Data Services Newsletter

Volume 3 : No 2 : June 2001

IRIS DMC Data Transcription

The Process of Implementing New Technologies

“What doesn’t kill you, makes you stronger”

This article explains the process of data transcription that the IRIS DMC undertook the first six months of 2001. Because we operate a very active archive, this will give insight to how waveform data are transcribed to new media within the new StorageTek Powderhorn mass storage robot, and what is done to ensure that the health of the archive is always in peak condition. This is, after all, the point of doing transcription in the first place.

When data are stored on media (tape, disk or paper), a fact of life is that these media will become outdated, and/or wear out. This happens about every 4-5 years, in our case. For this reason it is accepted fact that there will be a need to read everything back and migrate, or transcribe, all data to new media. This was necessary in 1992 and 1997 and we just recently completed our third transcription.

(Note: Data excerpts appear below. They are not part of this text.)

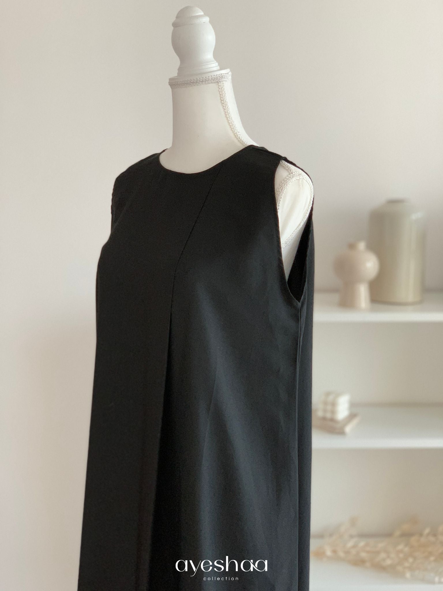 The Saheel under abaya is the perfect black sleeveless layering piece. Designed with a clean front pleat and a discreet opening at the neck, it combines style and practicality.
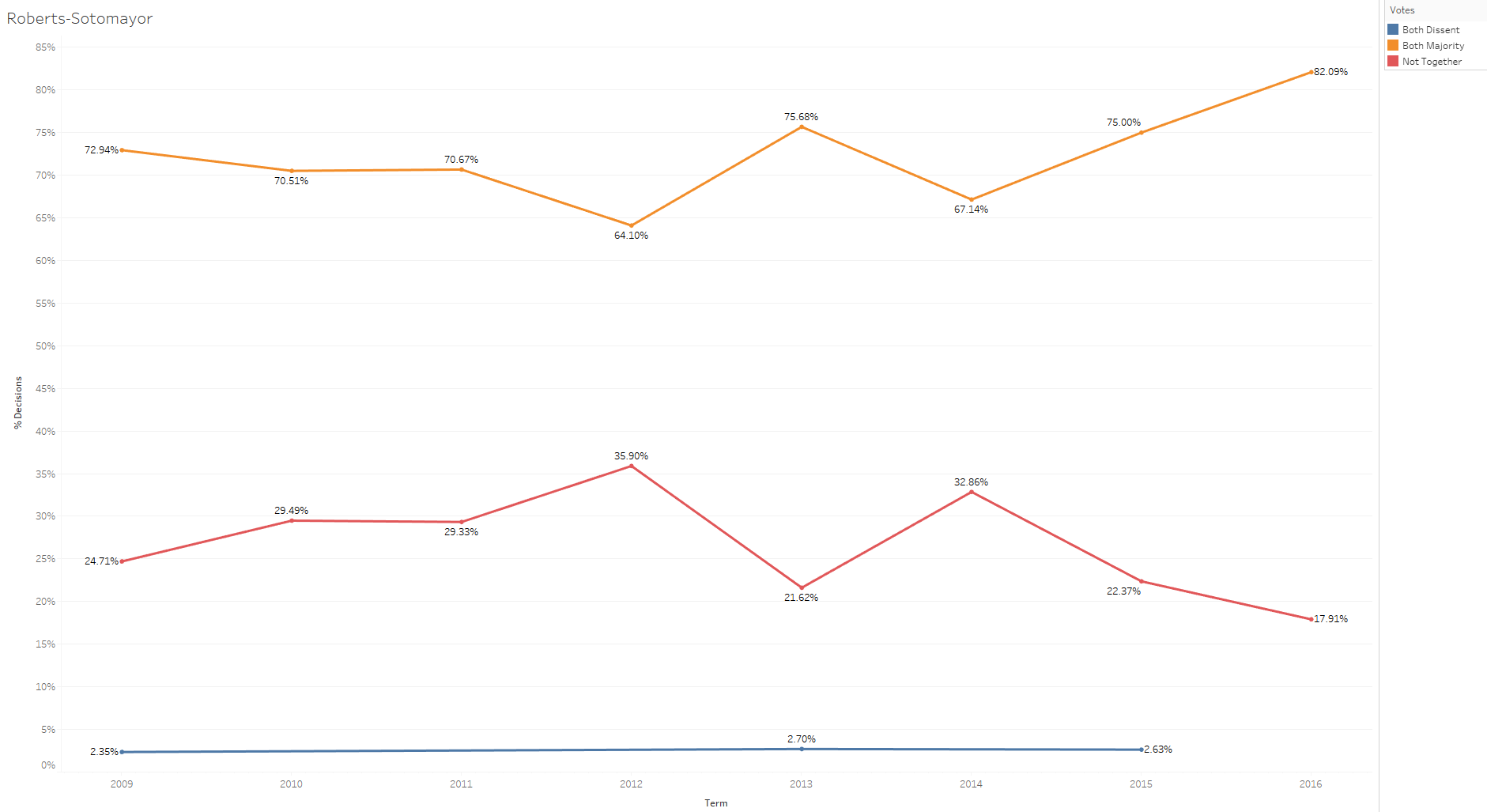 We can see similar movement in the voting relationship of Roberts and Sotomayor.
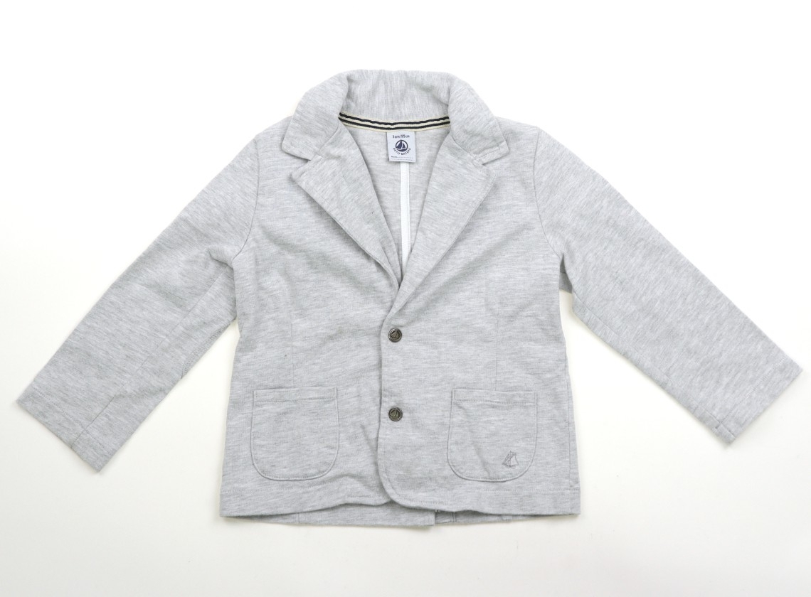 カットソー地、裏地はありません。スナップボタン留め。お腹と背中にシミが見受けられます。普段使いにいかがでしょうか。
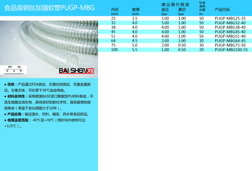 产品特点:本产品无毒无味,不含塑化剂,符合食品标准,可应用于食品、酿酒、饮料、医药、卫生等行业,是高压、抽吸、输送水、油、糖浆等液体的适用管材。
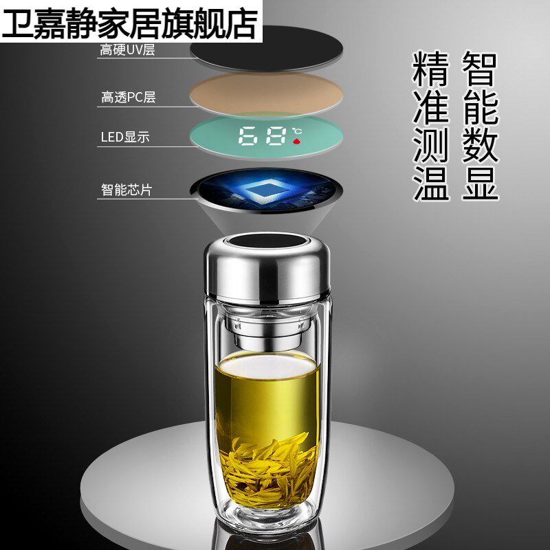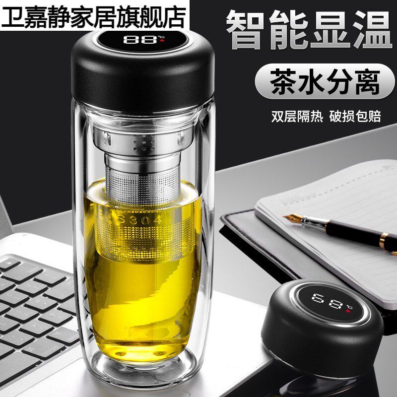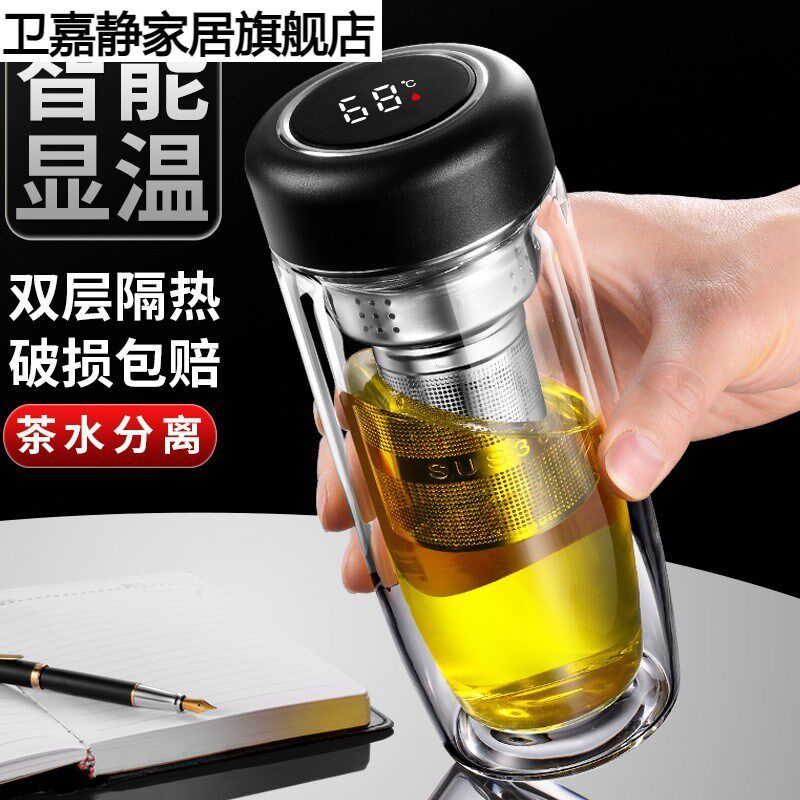 显温层玻璃杯男女办公泡茶杯子隔热防烫茶水分离水杯鹅蛋车载杯

Currently residing in our mass storage file system, there are about 2.5 million files, totaling about 19 terabytes, where one file contains the entire data generated at one station, for one day. These are what we call “station/day” files. Since we have archived data from over 100 different networks, and span the time period from 1970 to present, we take stewardship of the data very seriously. Equally important is the need to preserve a good sort of the data, so that servicing requests for data is optimized. In the case of the DMC holdings, these are stored in two sort orders: by time, and by station. By doing this, we are able to quickly stage data back for event-based requests like earthquake gathers, or by single station requests. Not only does this sort order ensure that we minimize tape loads into drives, but it also gives us a built-in back up, ensuring that we always have access to data in the event of any bad media under one copy.

The process of transcription begins with staging back all the data from one network for one year, from the old media. These data are then parsed, and exact file sizes for each channel for each station are compared to the Oracle database, where internal synchronization between the database and waveform data is performed. This is useful in determining any inconsistencies between what the database says we have, and what resides in the waveform files. This two-way check verifies that we are internally consistent before we go on to stage 2, synchronizing with the network operators that originally submitted the data. This step is important for verifying that we have all the data that the network operator recorded. (As you might suspect, we also find data that the network operator has submitted, but didn’t intend to, as this is a two-way synchronization). Currently, only IRIS nodes of the Data Management System, which includes Albuquerque Seismic Laboratories, IDA at UCSD, and PASSCAL, are the data collection centers which we have the ability to synchronize our holdings. It is intended that we utilize the synchronization mechanism with others within the FDSN, regional network operators, as well as anyone who submits data to the DMC

Once we have determined that we have all available data for this one year time period, or in some cases as little as two months where data volumes are very large, we begin the process of staging these data to the Powderhorn mass storage machine, where a UNIX file system called SAM-FS, commercially available from LSC, is configured to associate either time sorted or station data within archive_sets, enabling data to be streamed to designated tapes in an efficient manner. Without the ability to control the writes to media, a random sort order would take over. In the case of a request asking for event data, it would likely be at least an order of magnitude more tape mounts. As important as this process is to the health of the archive, we remain very aware that we have to simultaneously service some 4,000 requests per month for data, and by engineering the system for transcription that we have, we have not had any interruption in service to the community.

Because the IRIS DMC continues to expand its holdings at a nonlinear rate annually, we have had to look down the road to even the next period of transcription, and is one reason that we have chosen the StorageTek company to help us, as they have a migration path built into their product cycle that will include being able to simultaneously manage both old and new tape media.